Dataset entries
━━━━━━━━━━━━━━━━

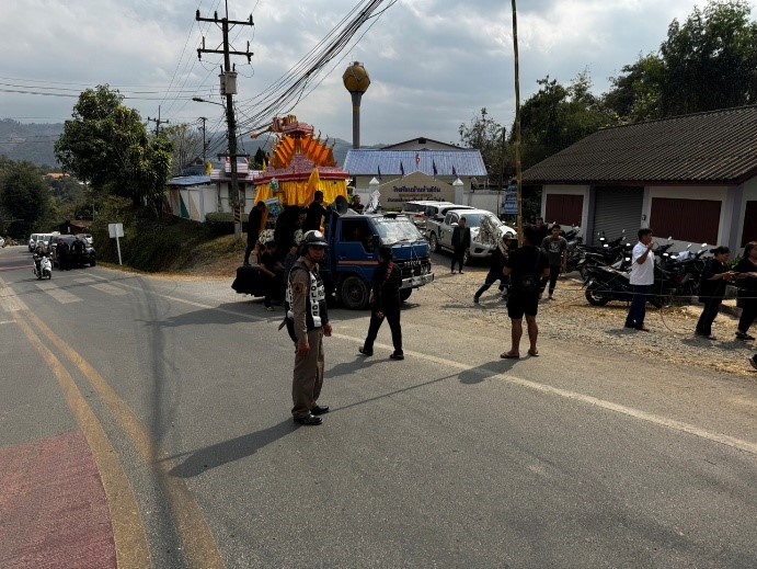 เมื่อวันที่ 7 ก.พ. เวลา 13.00 ชุดปฏิบัติการจราจรได้มีการรักษาความปลอดภัยและอำนวยความสะดวกด้านการจราจรในงานพิธีเผาศพของประชาชนในพื้นที่อำเภอเฉลิมพระเกียรติ
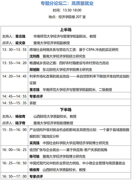 经过百年积淀和快速发展,beat365英国官方网站现有经济学系、金融学系、统计与数据科学系、国际经济与贸易系、财税系、特区港澳经济研究所六个教学系所,六个本科专业;拥有应用经济学、理论经济学、统计学三个一级学科博士点和相应的一级学科硕士点;金融、国际商务、应用统计、税务、资产评估、数字经济六个专业学位硕士点;应用经济学、理论经济学和统计学三个博士后科研流动站;建有三个广东省人文社科重点研究基地,十三个研究与咨询机构;设有金融学、产业经济学两个国家重点学科,建有国家级一流本科专业建设点五个,广东省一流本科专业建设点一个,应用经济学、理论经济学和统计学三个广东省一级重点学科,以及一个国家级实验教学示范中心。
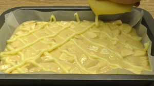 Poté očistěte a nakrájejte všechna tři jablka na středně velké kostky. Jablka přidejte do připraveného těsta a celou směs nalijte na plech vyložený pečicím papírem. Pudinkový krém vložte do cukrářského sáčku a udělejte na těsto s jablky proužky.
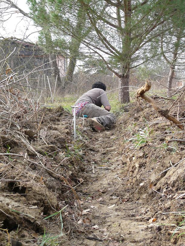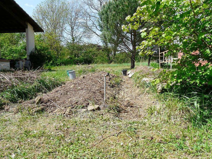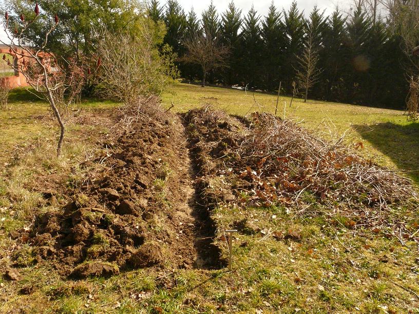Alors a l'automne on a délimité le futur potager. Je me suis inspiré de différentes sources et méthodes telles que celle de J.M. Lespinasse, E.Hazelip... En février Chéri m'a donc créé des buttes avec la terre des rigoles inter-buttes.
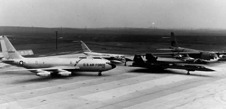 Фото 6. Интересное фото SR-71A 61-7970 на авиабазе «Бил» оба участника инцидента вместе с танкером Boeing KC-135Q, бомбардировщиком Convair B-58 Hustler и бомбардировщиком Boeing B-52, вооруженным ракетами Hound Dog. SR-71A с/н 61-7970 был потерян после столкновения с KC-135Q во время дозаправки.
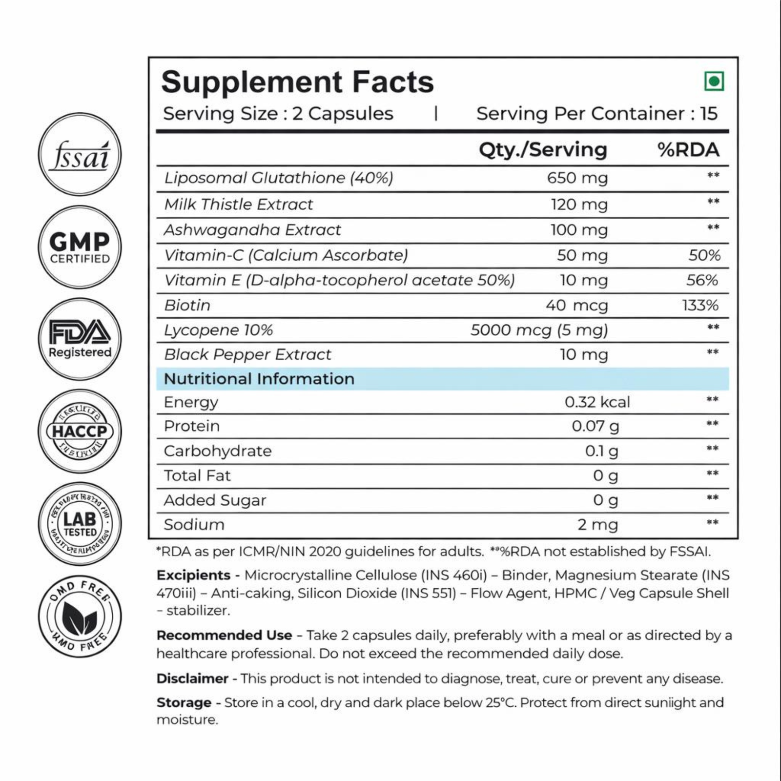 • Liposomal Glutathione 40% ingredient
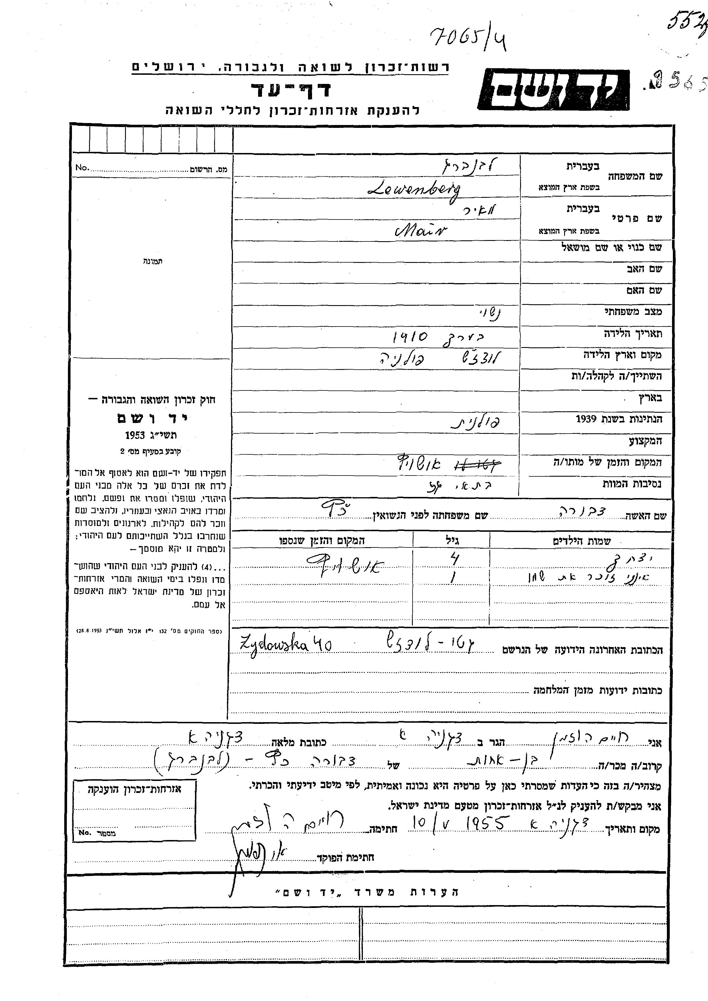 Маир Левенберг Лебенберг, место рождения: Лодзь, Польша. Женат / замужем. Место во время войны: Лодзь, Польша.
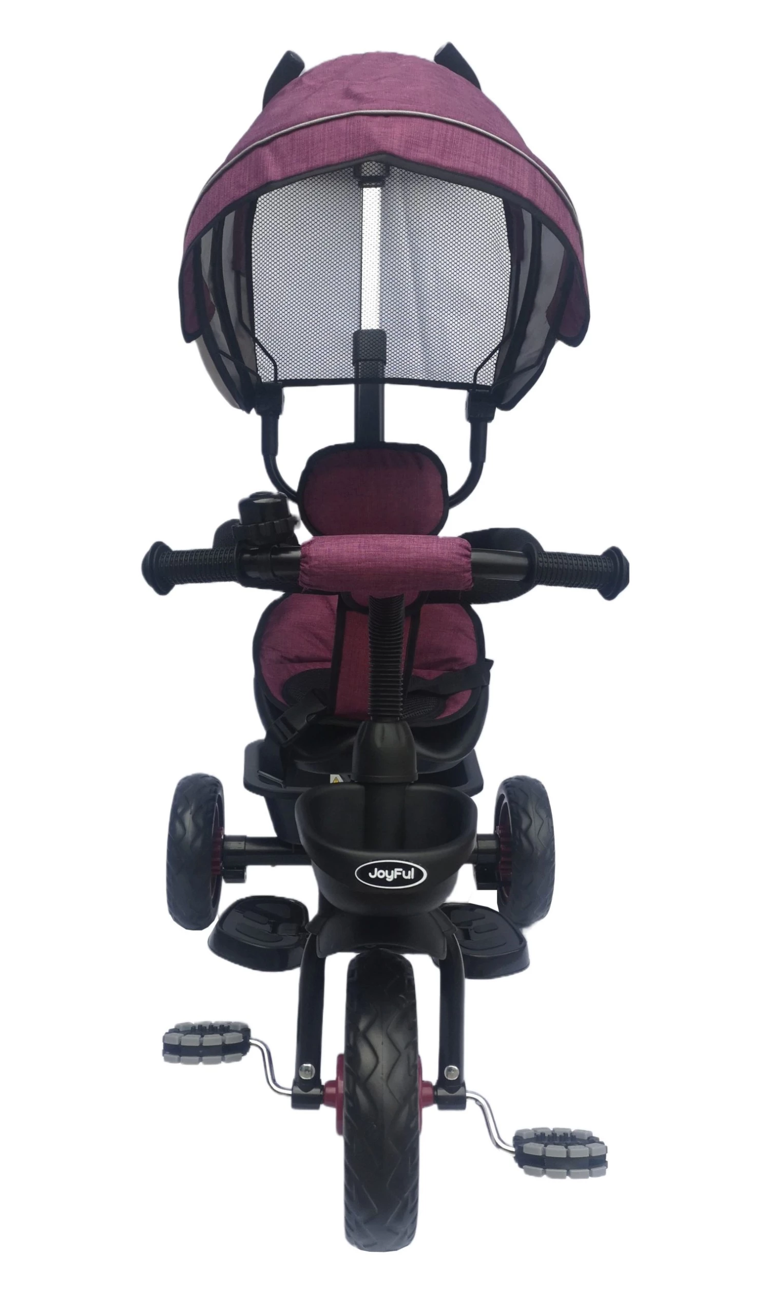 Ποδήλατο Τρίκυκλο Joyful Eva Wheel Purple Τρίκυκλο ποδηλατάκι για παιδιά με καλαθάκι μπρος-πίσω και μπαστούνι καθοδήγησης. Μαλακό μαξιλάρι καθίσματος και πλάτης που αναπνέει Ρυθμιζόμενες ζώνες Υποπόδιο
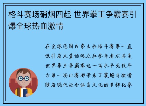 在全球范围内,拳击和格斗赛事一直吸引着大量的观众和参与者,尤其是世界拳王争霸赛这一高水平竞技平台,每一场比赛都带来了震撼与激情。随着现代社会体育文化的多样化,拳击这一传统的格斗运动通过越来越丰富的赛事...
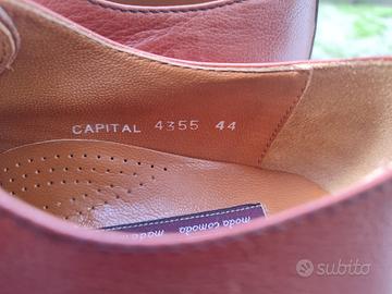 Modello classico, perfetto per cerimonie, ufficio o uso quotidiano elegante. Taglia 44, colore cuoio chiaro/arancio bruciato.
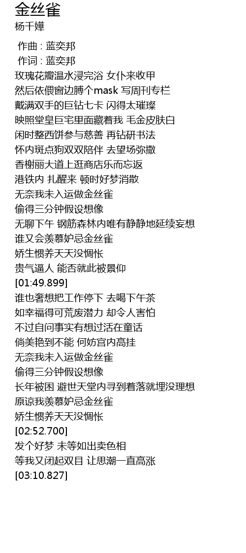 | [01:34.878] | 谁又会羡慕妒忌金丝雀 |
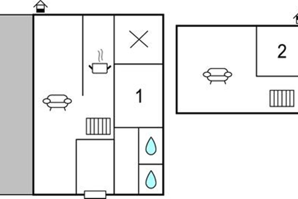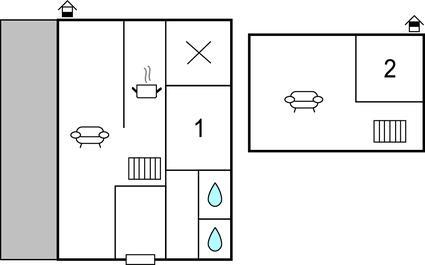 Woonkamer met open keuken - 2 Slaapplaatsen. (Matras).
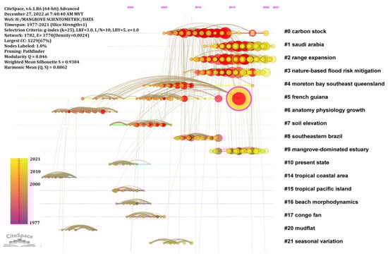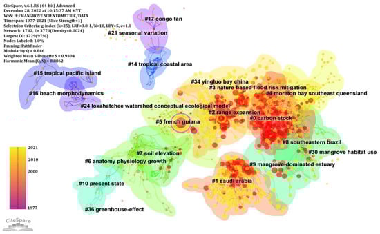 Cluster analysis is a popular method of statistical data analysis and knowledge discovery because of its ability to uncover latent semantic themes in textual data [50,51]. Cluster analysis can divide a large body of research data into various units based on the relative degree of term correlation, making it easier to identify the research themes, trends, and connections within a given field of study [51,52]. A cluster’s homogeneity can be quantified using an index called the mean silhouette, with values ranging from −1 to 1. The average silhouette value for each cluster was determined using CiteSpace. The higher the value, the more similar the cluster’s members are to one another [53]. The network showed 42 clusters in the context of the scientometric analysis mapping the link between climate change and mangroves (Table 3) and (Figure 6). In conducting this analysis, we employed the two primary algorithms available in Citespace, namely the Log-Likelihood (LLR) and Latent Semantic Index (LSI) algorithms. The LLR algorithm assesses the similarity between the text content and topics, while the LSI algorithm categorizes technical terminologies. The literature referenced by the citing literature from 1977 to 2021 served as the data source for the scientometric study carried out using the co-citation network of cited references, as shown in Figure 7.
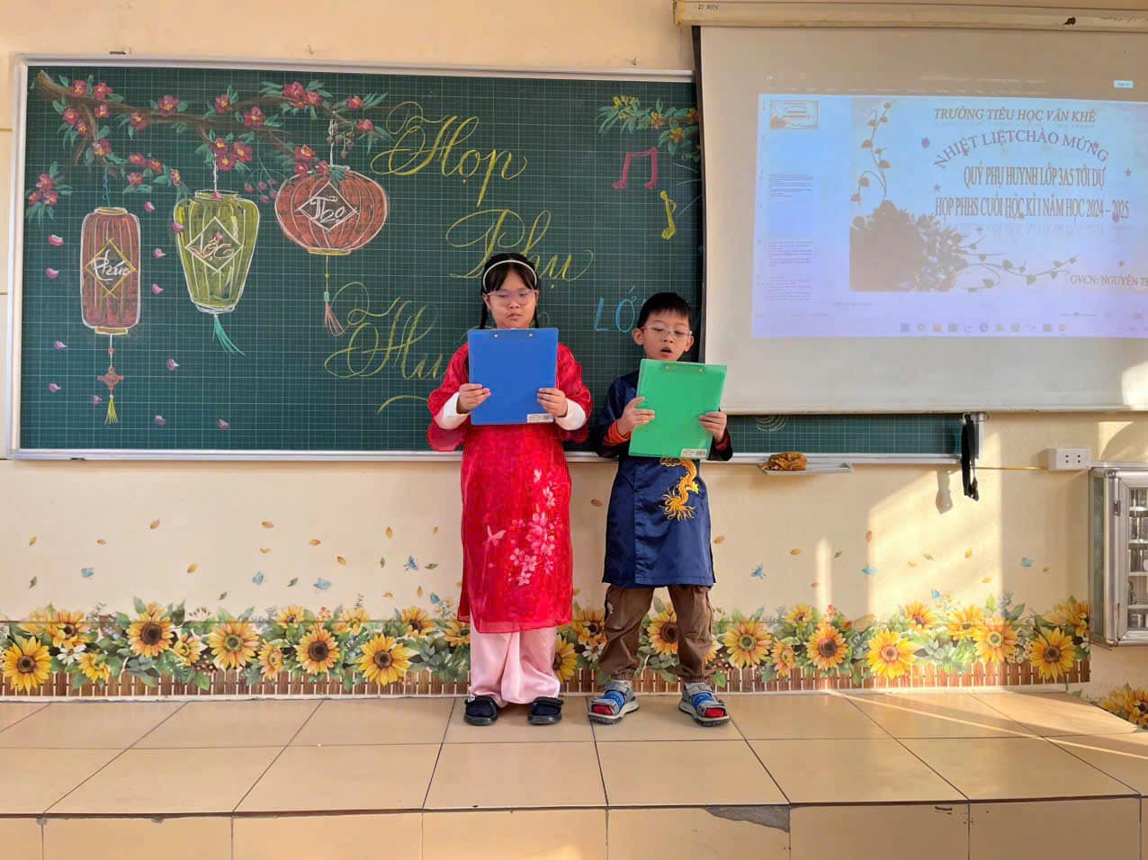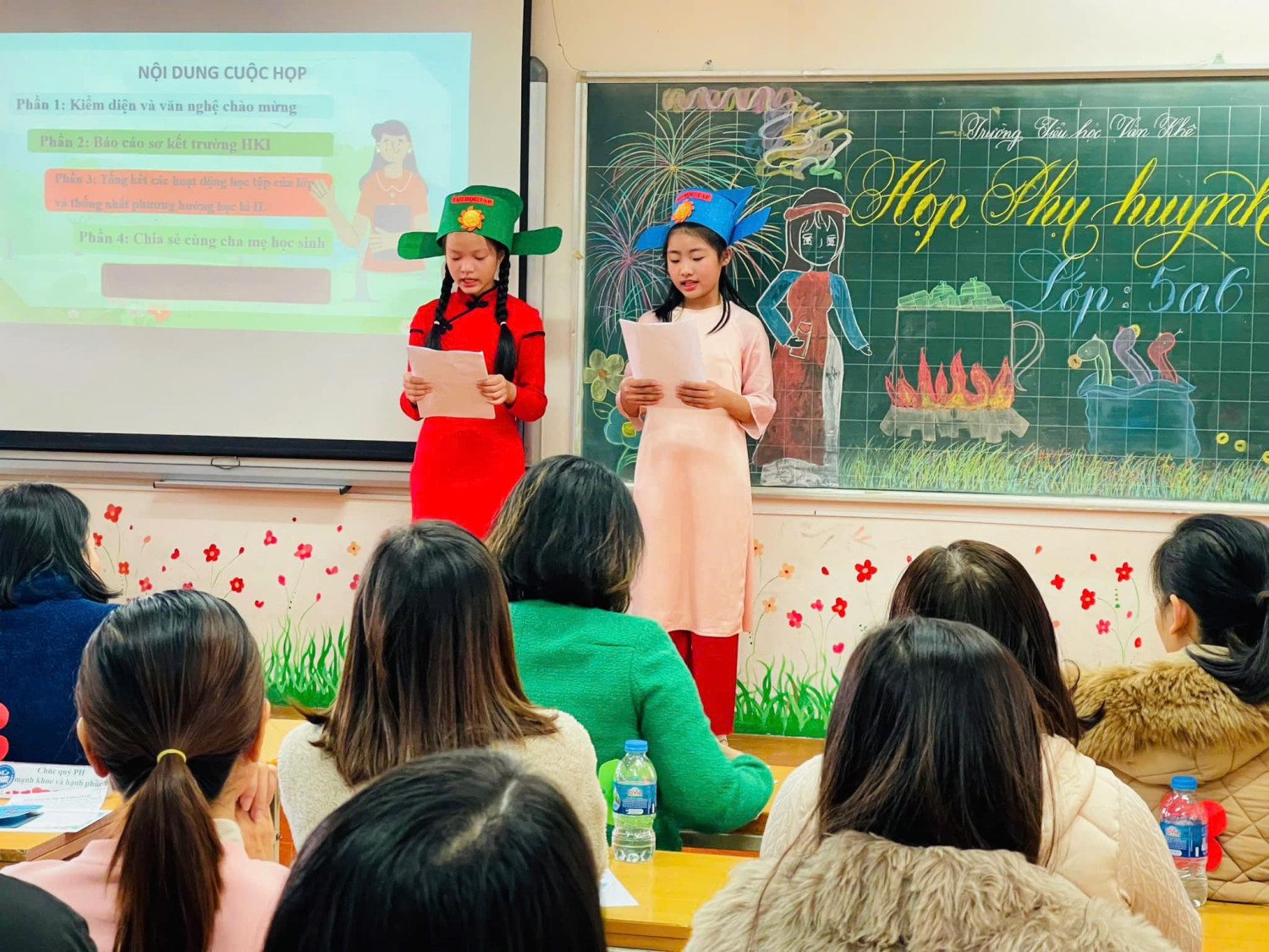 Chiều nay, ngày 12/1/2025 tại trường Tiểu học Văn Khê đã diễn ra cuộc họp phụ huynh tổng kết học kì 1 năm học 2024 - 2025. Mỗi lớp học đều được các cô giáo chuẩn bị kĩ lưỡng, cùng các hoạt động vui tươi nhằm giúp các con thể hiện khả năng, bản lĩnh bên cạnh đó không thể không kể đến những hoạt động trao yêu thương - thấu hiểu nhằm tạo mối liên kết chặt chẽ giữa gia đình và nhà trường. Trong buổi họp, các bậc phụ huynh được nhìn lại chặng đường 5 tháng học tập của các con và lắng nghe những thành quả các con đã nỗ lực, phấn đấu, đạt được. Để đạt được thành quả đó một phần lớn nằm ở sự nỗ lực của các con, sự quan tâm sát sao của thầy cô giáo và cả sự đôn đốc, khích lệ từ phía Quý phụ huynh. Thay mặt BGH nhà trường cô Trần Thị Quyên - Bí thư Chi bộ - Hiệu trưởng nhà trường xin gửi lời cảm ơn, sự tri ân sâu sắc đến quý phụ huynh đã luôn tin tưởng và đồng hành cùng nhà trường trong mọi hoạt động. Xin chúc các bạn học sinh có học kì 2 với thật nhiều trải nghiệm đáng nhớ.

━━━━━━━━━━━━━━━━

■ Activity
An exact copy of the entries, minus the pictures, is what's needed here.

■ Task response
 เมื่อวันที่ 7 ก.พ. เวลา 13.00 ชุดปฏิบัติการจราจรได้มีการรักษาความปลอดภัยและอำนวยความสะดวกด้านการจราจรในงานพิธีเผาศพของประชาชนในพื้นที่อำเภอเฉลิมพระเกียรติ
 经过百年积淀和快速发展,beat365英国官方网站现有经济学系、金融学系、统计与数据科学系、国际经济与贸易系、财税系、特区港澳经济研究所六个教学系所,六个本科专业;拥有应用经济学、理论经济学、统计学三个一级学科博士点和相应的一级学科硕士点;金融、国际商务、应用统计、税务、资产评估、数字经济六个专业学位硕士点;应用经济学、理论经济学和统计学三个博士后科研流动站;建有三个广东省人文社科重点研究基地,十三个研究与咨询机构;设有金融学、产业经济学两个国家重点学科,建有国家级一流本科专业建设点五个,广东省一流本科专业建设点一个,应用经济学、理论经济学和统计学三个广东省一级重点学科,以及一个国家级实验教学示范中心。
 Poté očistěte a nakrájejte všechna tři jablka na středně velké kostky. Jablka přidejte do připraveného těsta a celou směs nalijte na plech vyložený pečicím papírem. Pudinkový krém vložte do cukrářského sáčku a udělejte na těsto s jablky proužky.
Alors a l'automne on a délimité le futur potager. Je me suis inspiré de différentes sources et méthodes telles que celle de J.M. Lespinasse, E.Hazelip... En février Chéri m'a donc créé des buttes avec la terre des rigoles inter-buttes.
 Фото 6. Интересное фото SR-71A 61-7970 на авиабазе «Бил» оба участника инцидента вместе с танкером Boeing KC-135Q, бомбардировщиком Convair B-58 Hustler и бомбардировщиком Boeing B-52, вооруженным ракетами Hound Dog. SR-71A с/н 61-7970 был потерян после столкновения с KC-135Q во время дозаправки.
 • Liposomal Glutathione 40% ingredient
 Маир Левенберг Лебенберг, место рождения: Лодзь, Польша. Женат / замужем. Место во время войны: Лодзь, Польша.
 Ποδήλατο Τρίκυκλο Joyful Eva Wheel Purple Τρίκυκλο ποδηλατάκι για παιδιά με καλαθάκι μπρος-πίσω και μπαστούνι καθοδήγησης. Μαλακό μαξιλάρι καθίσματος και πλάτης που αναπνέει Ρυθμιζόμενες ζώνες Υποπόδιο
 在全球范围内,拳击和格斗赛事一直吸引着大量的观众和参与者,尤其是世界拳王争霸赛这一高水平竞技平台,每一场比赛都带来了震撼与激情。随着现代社会体育文化的多样化,拳击这一传统的格斗运动通过越来越丰富的赛事...
 Modello classico, perfetto per cerimonie, ufficio o uso quotidiano elegante. Taglia 44, colore cuoio chiaro/arancio bruciato.
 | [01:34.878] | 谁又会羡慕妒忌金丝雀 |
 Woonkamer met open keuken - 2 Slaapplaatsen. (Matras).
 Cluster analysis is a popular method of statistical data analysis and knowledge discovery because of its ability to uncover latent semantic themes in textual data [50,51]. Cluster analysis can divide a large body of research data into various units based on the relative degree of term correlation, making it easier to identify the research themes, trends, and connections within a given field of study [51,52]. A cluster’s homogeneity can be quantified using an index called the mean silhouette, with values ranging from −1 to 1. The average silhouette value for each cluster was determined using CiteSpace. The higher the value, the more similar the cluster’s members are to one another [53]. The network showed 42 clusters in the context of the scientometric analysis mapping the link between climate change and mangroves (Table 3) and (Figure 6). In conducting this analysis, we employed the two primary algorithms available in Citespace, namely the Log-Likelihood (LLR) and Latent Semantic Index (LSI) algorithms. The LLR algorithm assesses the similarity between the text content and topics, while the LSI algorithm categorizes technical terminologies. The literature referenced by the citing literature from 1977 to 2021 served as the data source for the scientometric study carried out using the co-citation network of cited references, as shown in Figure 7.
 Chiều nay, ngày 12/1/2025 tại trường Tiểu học Văn Khê đã diễn ra cuộc họp phụ huynh tổng kết học kì 1 năm học 2024 - 2025. Mỗi lớp học đều được các cô giáo chuẩn bị kĩ lưỡng, cùng các hoạt động vui tươi nhằm giúp các con thể hiện khả năng, bản lĩnh bên cạnh đó không thể không kể đến những hoạt động trao yêu thương - thấu hiểu nhằm tạo mối liên kết chặt chẽ giữa gia đình và nhà trường. Trong buổi họp, các bậc phụ huynh được nhìn lại chặng đường 5 tháng học tập của các con và lắng nghe những thành quả các con đã nỗ lực, phấn đấu, đạt được. Để đạt được thành quả đó một phần lớn nằm ở sự nỗ lực của các con, sự quan tâm sát sao của thầy cô giáo và cả sự đôn đốc, khích lệ từ phía Quý phụ huynh. Thay mặt BGH nhà trường cô Trần Thị Quyên - Bí thư Chi bộ - Hiệu trưởng nhà trường xin gửi lời cảm ơn, sự tri ân sâu sắc đến quý phụ huynh đã luôn tin tưởng và đồng hành cùng nhà trường trong mọi hoạt động. Xin chúc các bạn học sinh có học kì 2 với thật nhiều trải nghiệm đáng nhớ.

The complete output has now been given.